People may think that I'm being too hard on Slive, and that this was the NCAA's doing and beyond his control, but they would be wrong.  The SEC has it's own set of bylaws that either mirror or strengthen the NCAA's eligibility and conduct rules of college athletes.  Take a look at this SEC Bylaw (section

The Commissioner has the duty and power to investigate the validity of violations and impose penalties and sanctions against member institutions, their athletic staff members or student-athletes, for practices and conduct which violate the spirit, as well as the letter of NCAA and SEC rules and regulations. This shall include the ability to render prospective student-athletes or current student-athletes ineligible for competition due to their involvement in a violation of NCAA or SEC rules that occurs during the individual's recruitment.

"Duty and power."  This means that it's not really an option for Slive. As commissioner he has the duty to react a certain way to an issue. 

Then there's the issue of "Spirit."  How many of you lawyers out there have heard a judge talk about violating the "Spirit" of a law even if it was not proven that the law was actually broken? 

Can even the most ardent Cam Newton supporter intelligently argue that the "spirit" of the NCAA rules were not broken?  Not with a straight face.

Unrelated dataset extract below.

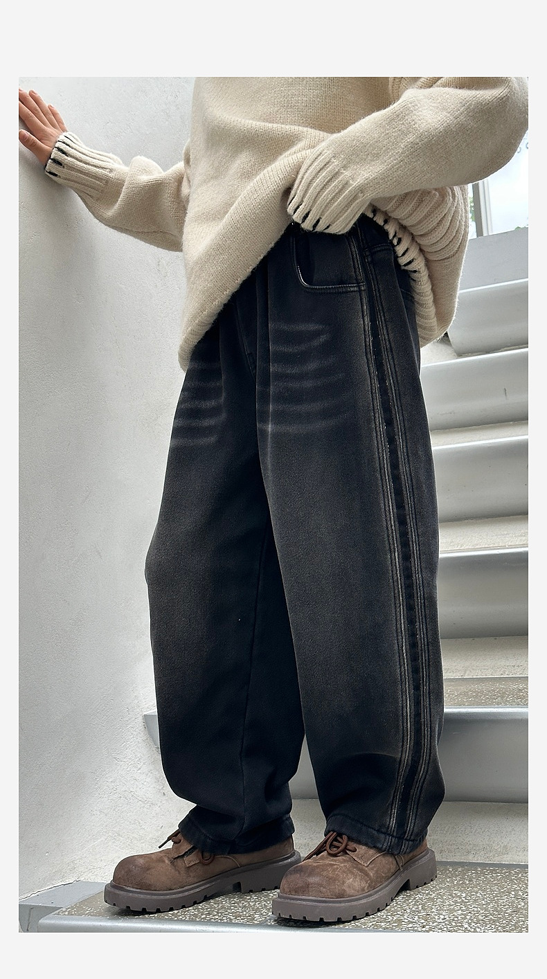 팬더 Yuanyuan 2024 가을과 겨울 새로운 스트레이트 튜브 소년 원피스 벨벳 청바지 소년과 벨벳 바지 제조 업체 도매

Slive is derelict in his duties by ignoring this bylaw set forth by his own conference.

Look, I'm as big of an SEC homer as there is.  And it's one thing to be hated because you're the best.  We are.  And second place isn't even close. 

But it's another thing to be hated and criticized for acting like prostitutes, which the SEC clearly did in this case.  It's all about the money and the erosion of the term "student-athlete."

So tonight, Newton will hoist the Heisman Trophy as the media looks on with awe and college football fans look on with disgust. 

And on January 10th, Newton will hoist the crystal football from the Coaches Trophy for the fifth straight time for the SEC, and the seventh time since the inception of the BCS.  The SEC will get their money, Newton will get more money in a few months at the NFL Draft, and true college football fans can sit back and watch their beloved sport turn into the National Football League.